From Wikipedia, the free encyclopedia
  (Redirected from The Countryside Agency)
Jump to: navigation, search

The Countryside Agency in England was a statutory body set up in 1999 with the task of improving the quality of the rural environment and the lives of those living in it. The Agency was formed by merging the Countryside Commission and the Rural Development Commission. Its powers were inherited from those bodies.

Its main aims were to 'conserve and enhance England's countryside, spread social and economic opportunity for the people who live there and help everyone, wherever they live and whatever their background to enjoy the countryside and share in this priceless asset more'. Funding came from the Department for Environment, Food and Rural Affairs (Defra) as an annual budget of around £100 million. The Agency was based in Cheltenham with smaller offices in London and the regions. Total staff numbers were around 600.
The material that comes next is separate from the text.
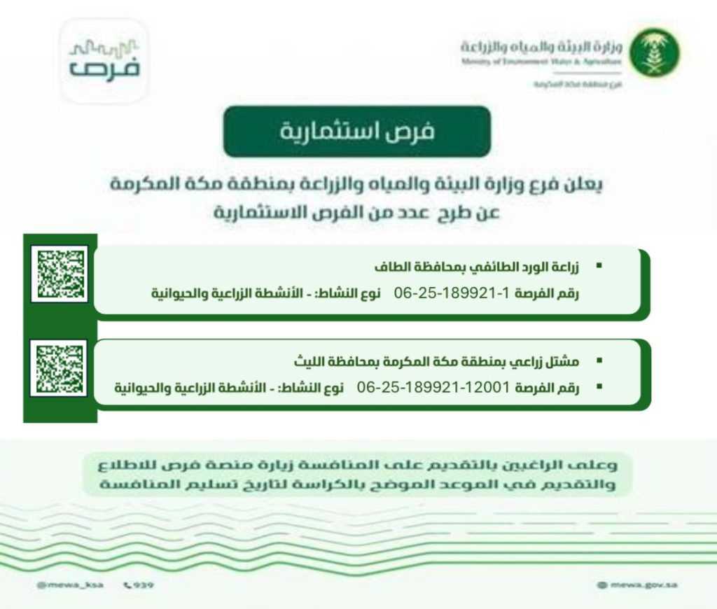 أوضحت وزارة البيئة والمياه والزراعة بفرع منطقة مكة المكرمة عن طرح فرصتين للإستثمار، الأولى إنشاء مشتل زراعي بمحافظة الليث بهدف إنتاج أشجار الفاكهة الأمهات وأشجار الزينة والأشجار البرية وأنواع من الورود، والثانية زراعة الورد الطائفي وإنشاء معمل ومركز للخدمات التسويقية بمحافظة الطائف.

Following a review by Christopher Haskins, Baron Haskins of Skidby of several Government organisations involved in rural policy and delivery, the Natural Environment and Rural Communities Act 2006 [1] merged those parts of the Countryside Agency charged with environmental activity with English Nature and parts of the Rural Development Service to form Natural England. The socio-economic functions of the Agency were merged with the Regional Development Agencies. The remaining part of the Countryside Agency, largely research and policy functions, became the Commission for Rural Communities.